Data under study
..............................

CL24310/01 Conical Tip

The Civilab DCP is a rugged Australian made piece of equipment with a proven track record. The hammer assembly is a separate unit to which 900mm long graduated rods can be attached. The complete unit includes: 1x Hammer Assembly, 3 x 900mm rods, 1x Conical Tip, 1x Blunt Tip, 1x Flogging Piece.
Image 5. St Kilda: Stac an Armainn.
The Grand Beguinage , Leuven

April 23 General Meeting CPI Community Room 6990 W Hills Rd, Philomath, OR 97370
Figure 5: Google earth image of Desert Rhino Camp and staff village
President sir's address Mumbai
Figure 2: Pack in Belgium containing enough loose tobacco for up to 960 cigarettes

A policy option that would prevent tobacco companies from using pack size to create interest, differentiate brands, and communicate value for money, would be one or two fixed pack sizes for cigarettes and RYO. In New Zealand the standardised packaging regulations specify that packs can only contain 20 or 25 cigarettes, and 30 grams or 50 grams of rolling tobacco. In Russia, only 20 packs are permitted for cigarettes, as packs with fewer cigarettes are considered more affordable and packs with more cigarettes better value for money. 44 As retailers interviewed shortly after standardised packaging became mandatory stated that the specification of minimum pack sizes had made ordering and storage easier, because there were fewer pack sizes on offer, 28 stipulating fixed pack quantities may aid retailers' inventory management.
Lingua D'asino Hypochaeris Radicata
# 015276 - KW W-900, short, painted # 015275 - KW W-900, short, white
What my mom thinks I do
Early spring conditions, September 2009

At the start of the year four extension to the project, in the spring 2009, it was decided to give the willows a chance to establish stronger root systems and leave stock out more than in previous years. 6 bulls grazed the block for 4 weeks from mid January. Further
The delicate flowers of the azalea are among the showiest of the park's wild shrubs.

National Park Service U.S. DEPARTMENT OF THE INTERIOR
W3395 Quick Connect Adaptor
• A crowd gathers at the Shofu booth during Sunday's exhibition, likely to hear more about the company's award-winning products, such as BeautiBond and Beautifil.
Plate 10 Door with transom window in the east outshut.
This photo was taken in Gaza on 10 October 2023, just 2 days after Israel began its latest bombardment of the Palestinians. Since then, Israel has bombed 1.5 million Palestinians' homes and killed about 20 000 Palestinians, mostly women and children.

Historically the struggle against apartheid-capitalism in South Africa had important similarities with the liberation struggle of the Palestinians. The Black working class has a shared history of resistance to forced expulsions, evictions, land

..............................

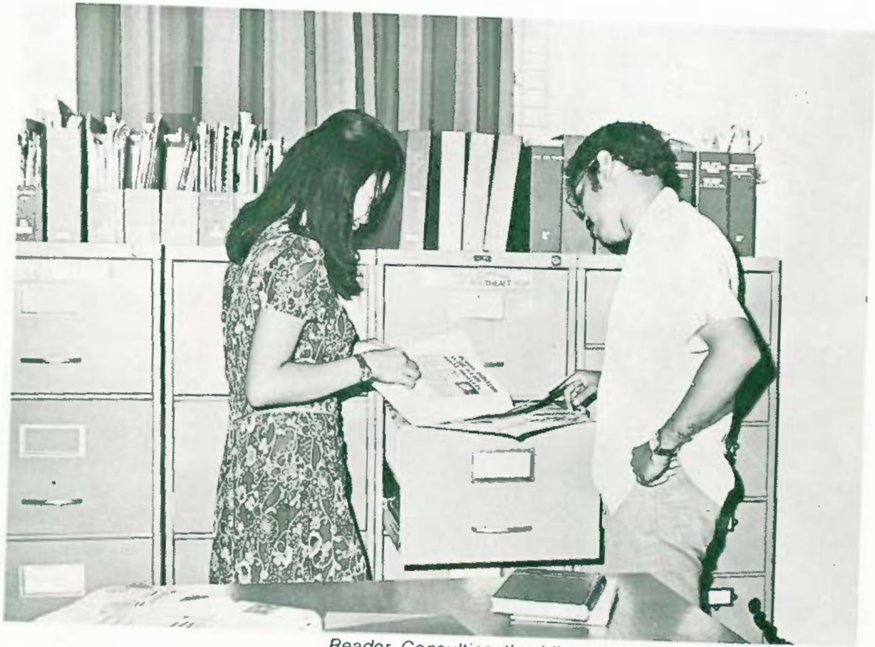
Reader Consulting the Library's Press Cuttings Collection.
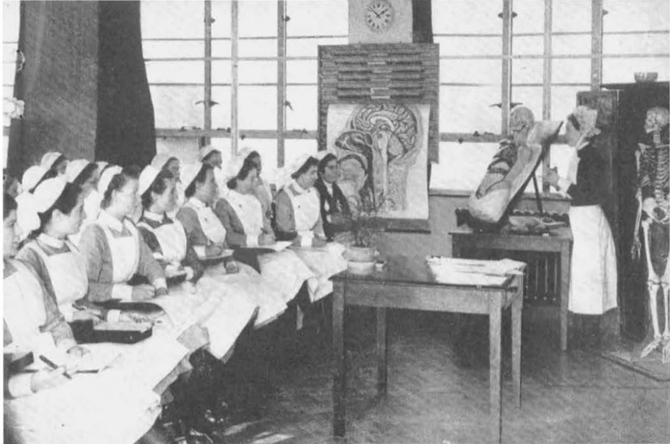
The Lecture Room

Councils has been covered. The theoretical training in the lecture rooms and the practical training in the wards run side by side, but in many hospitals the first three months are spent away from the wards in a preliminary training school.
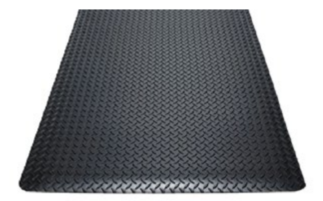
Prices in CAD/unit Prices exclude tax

..............................

Directions for this task
Which lines in the records above contain the word "Figure"? Copy each one.

Answer to this task
Figure 5: Google earth image of Desert Rhino Camp and staff village
Figure 2: Pack in Belgium containing enough loose tobacco for up to 960 cigarettes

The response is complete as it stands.